インドネシア最東端のパプア州の南東部には、マングローブ林が生い茂る平野が広がっている。雨季の満潮時には内陸約2kmまで海水が浸透し通行もできなくなるこの世界最大の沖積湿地は、パプア州全体の約7.44%を占めており、ウミヘビ、ワニ、淡水イルカや巨大なトカゲなどが生息している。先住民族アスマット族は、何世代にもわたってこの地で暮らしてきた。
アスマット族は世界中の美術コレクターが欲しがる世界有数の優れた木製彫刻を生み出してきた。木と人間を同じものと考えるアスマット族にとって木彫りは、精神世界と密接に結びついている神聖なものであり、芸術作品ではない。彼らは祖先の霊をなだめるために、盾、カヌー、彫刻像、太鼓などを多数生産してきた。その多くは戦争、首狩りの風習、戦士と先祖への崇拝を象徴したもので、ニューヨークのメトロポリタン美術館にも数点展示されている。

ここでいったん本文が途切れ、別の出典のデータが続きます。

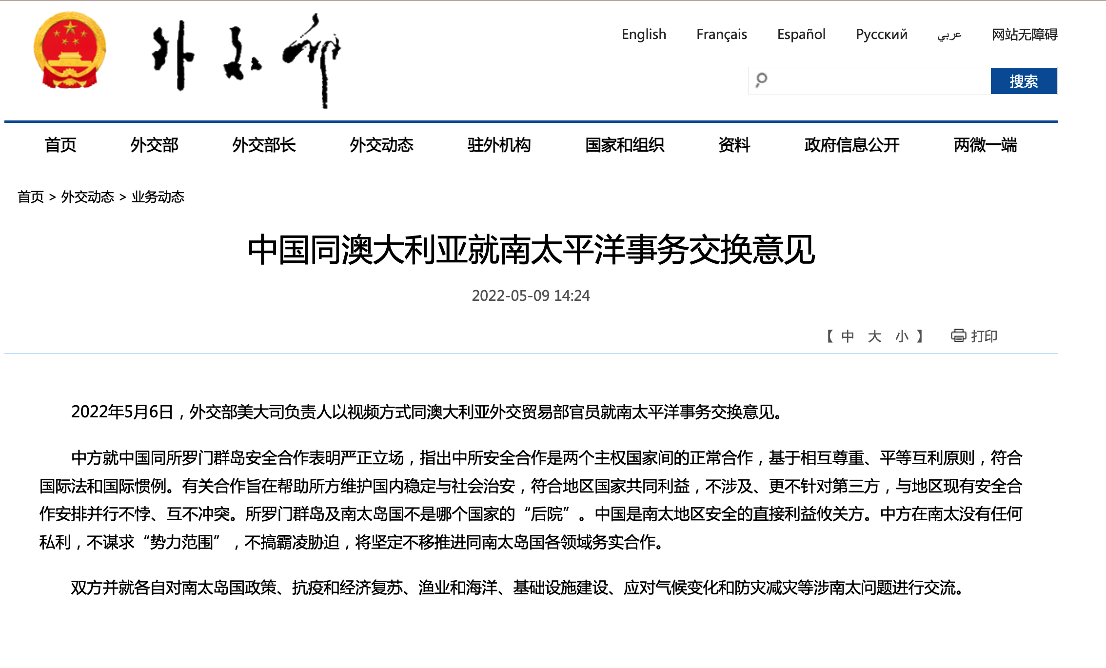 据外交部网站5月9日消息,5月6日,外交部美大司负责人以视频方式同澳大利亚外交贸易部官员就南太平洋事务交换意见。

アスマット族の村に外部の人間が入れるようになったのは、1950年代から60年代に入ってからのことで、それまでアスマット族は文明に触れてこなかった。現在では、パプアの他の地域を結ぶ道路が延長され、交通、衛生的な水、医療などといったインフラの開発も進んだ。2018年4月ジョコ・ウィドド氏は、アスマット族を訪問した初の大統領として歓迎を受けた。